Dataset excerpt:

━━━━━━━━━━━━━━━━━━━━

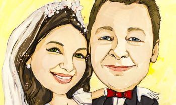 Интересно смотрятся варианты с шаржами. Стоимость такого баннера будет не очень высокой, до 3000 рублей. Главный плюс – для шаржа молодоженам не нужно позировать художнику, он может сделать рисунок и по фотографии.
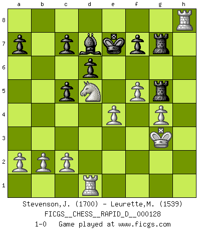 Last move : 1-0 2020 February 3 22:32:4 [Event "FICGS__CHESS__RAPID_D__000128"] [Site "FICGS"] [Date "2020.01.03"] [Round "1"] [White "Stevenson,John"] [Black "Leurette,Marc-Antoine"] [Result "1-0"] [WhiteElo "1700"] [BlackElo "1539"] 1.e4 e5 2.Nf3 Nc6 3.Bb5 Nf6 4.O-O Bc5 5.Nc3 O-O 6.Nxe5 Nxe5 7.d4 Bxd4 8.Qxd4 Nc6 9.Bxc6 bxc6 10.Bg5 h6 11.Bxf6 Qxf6 12.Qxf6 gxf6 13.f4 d6 14.f5 Bd7 15.g4 Kh7 16.Rad1 Rg8 17.h3 h5 18.Rf4 hxg4 19.hxg4 Rg5 20.Kf2 Kg7 21.Kg3 Kf8 22.Rf2 Ke7 23.Rh2 Rag8 24.Rh4 c5 25.Nd5+ Kd8 26.Nxf6 R8g7 27.Rh8+ Ke7 28.Nd5+ 1-0 Ruy Lopez : Berlin defense, Beverwijk variation Kingside Castling by player White (move 4) Kingside Castling by player Black (move 5) Player White won this chess game. Follow this game move after move (download)You may learn much more from a game you lose than from a game you win. You will have to lose hundreds of games before becoming a good player. (Jose Raul Capablanca) Offener Brief an US-Präsident Bush anlässlich der Verhaftung Bobby Fishers: Verhaften Sie mich. Stecken Sie mich in dieselbe Zelle wie Bobby Fisher und geben Sie uns ein Schachspiel mit. (Boris Vassilievich Spassky) Yo adoro todas la posiciones. Denme una partida posicional difícil, y la jugaré. Pero posiciones totalmente ganadas, no las tolero. (Hein Donner) Vous savez, camarade Pachman, je n'éprouve pas de plaisir à être ministre, je jouerais plutôt aux échecs comme vous, ou alors ferais une révolution au Venezuela. (Che Guevara à Ludek Pachman, 'Checkmate in Prague', 1975) Creativity is allowing yourself to make mistakes. Art is knowing which ones to keep. (Scott Adams)
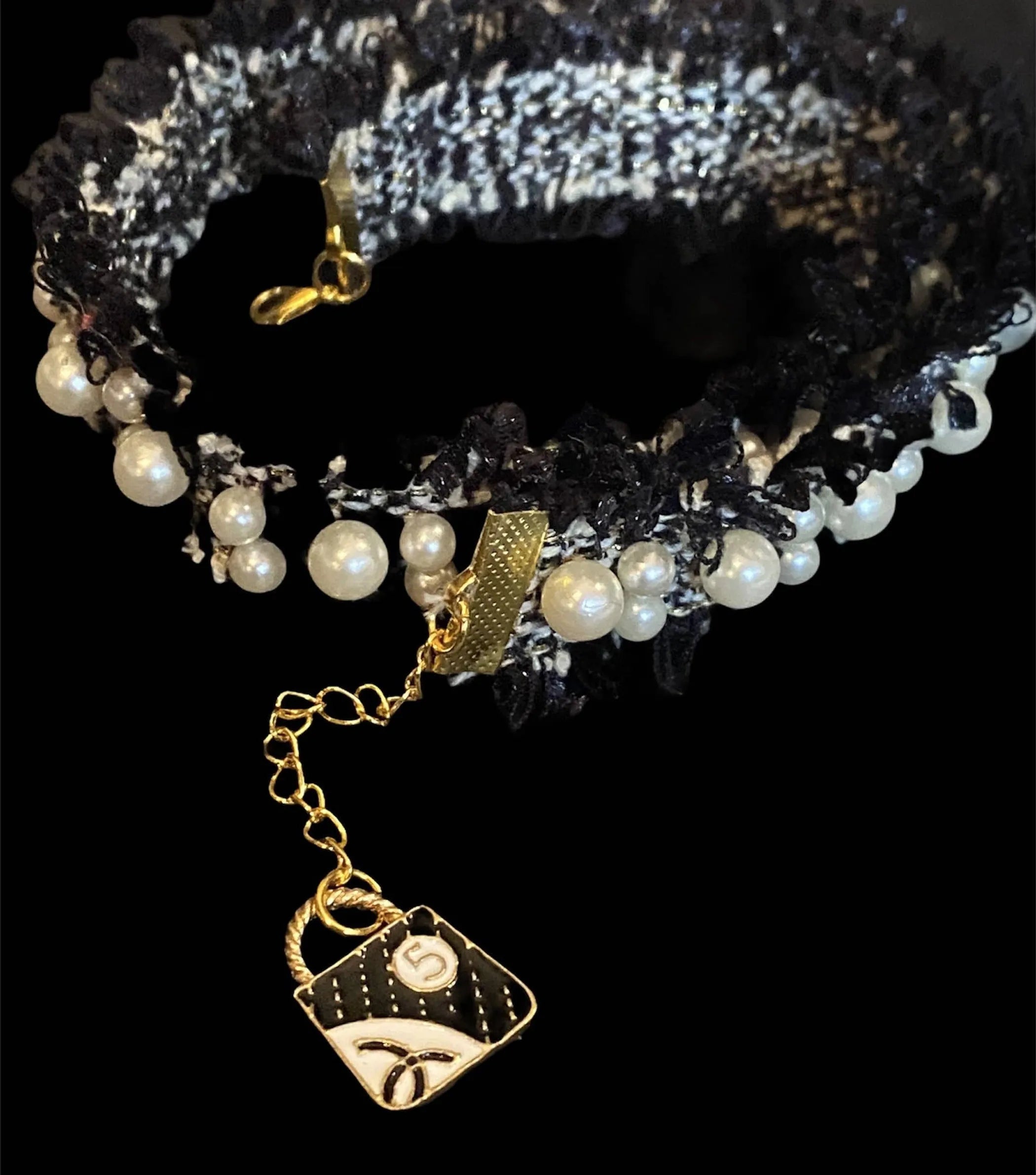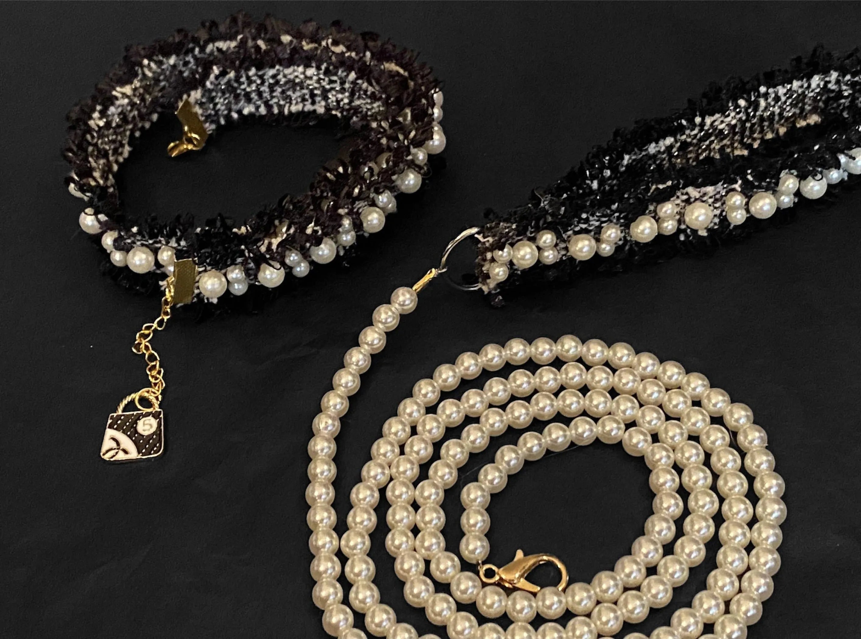 Luxurious Pearl & tweed collar ? Essential item for fashionista pooches! ? Pair with our Luxurious Pearl and tweed collar and bows! XS: 8in Small: 12in. Medium: 16 in. Large: 18 in. XL: 20 **We are happy to adjust the sizing should you need to. Please just leave notes at checkout**

━━━━━━━━━━━━━━━━━━━━

Your assignment:
Print the material in full and exactly, minus the pictures.

Response:
 Интересно смотрятся варианты с шаржами. Стоимость такого баннера будет не очень высокой, до 3000 рублей. Главный плюс – для шаржа молодоженам не нужно позировать художнику, он может сделать рисунок и по фотографии.
 Last move : 1-0 2020 February 3 22:32:4 [Event "FICGS__CHESS__RAPID_D__000128"] [Site "FICGS"] [Date "2020.01.03"] [Round "1"] [White "Stevenson,John"] [Black "Leurette,Marc-Antoine"] [Result "1-0"] [WhiteElo "1700"] [BlackElo "1539"] 1.e4 e5 2.Nf3 Nc6 3.Bb5 Nf6 4.O-O Bc5 5.Nc3 O-O 6.Nxe5 Nxe5 7.d4 Bxd4 8.Qxd4 Nc6 9.Bxc6 bxc6 10.Bg5 h6 11.Bxf6 Qxf6 12.Qxf6 gxf6 13.f4 d6 14.f5 Bd7 15.g4 Kh7 16.Rad1 Rg8 17.h3 h5 18.Rf4 hxg4 19.hxg4 Rg5 20.Kf2 Kg7 21.Kg3 Kf8 22.Rf2 Ke7 23.Rh2 Rag8 24.Rh4 c5 25.Nd5+ Kd8 26.Nxf6 R8g7 27.Rh8+ Ke7 28.Nd5+ 1-0 Ruy Lopez : Berlin defense, Beverwijk variation Kingside Castling by player White (move 4) Kingside Castling by player Black (move 5) Player White won this chess game. Follow this game move after move (download)You may learn much more from a game you lose than from a game you win. You will have to lose hundreds of games before becoming a good player. (Jose Raul Capablanca) Offener Brief an US-Präsident Bush anlässlich der Verhaftung Bobby Fishers: Verhaften Sie mich. Stecken Sie mich in dieselbe Zelle wie Bobby Fisher und geben Sie uns ein Schachspiel mit. (Boris Vassilievich Spassky) Yo adoro todas la posiciones. Denme una partida posicional difícil, y la jugaré. Pero posiciones totalmente ganadas, no las tolero. (Hein Donner) Vous savez, camarade Pachman, je n'éprouve pas de plaisir à être ministre, je jouerais plutôt aux échecs comme vous, ou alors ferais une révolution au Venezuela. (Che Guevara à Ludek Pachman, 'Checkmate in Prague', 1975) Creativity is allowing yourself to make mistakes. Art is knowing which ones to keep. (Scott Adams)
 Luxurious Pearl & tweed collar ? Essential item for fashionista pooches! ? Pair with our Luxurious Pearl and tweed collar and bows! XS: 8in Small: 12in. Medium: 16 in. Large: 18 in. XL: 20 **We are happy to adjust the sizing should you need to. Please just leave notes at checkout**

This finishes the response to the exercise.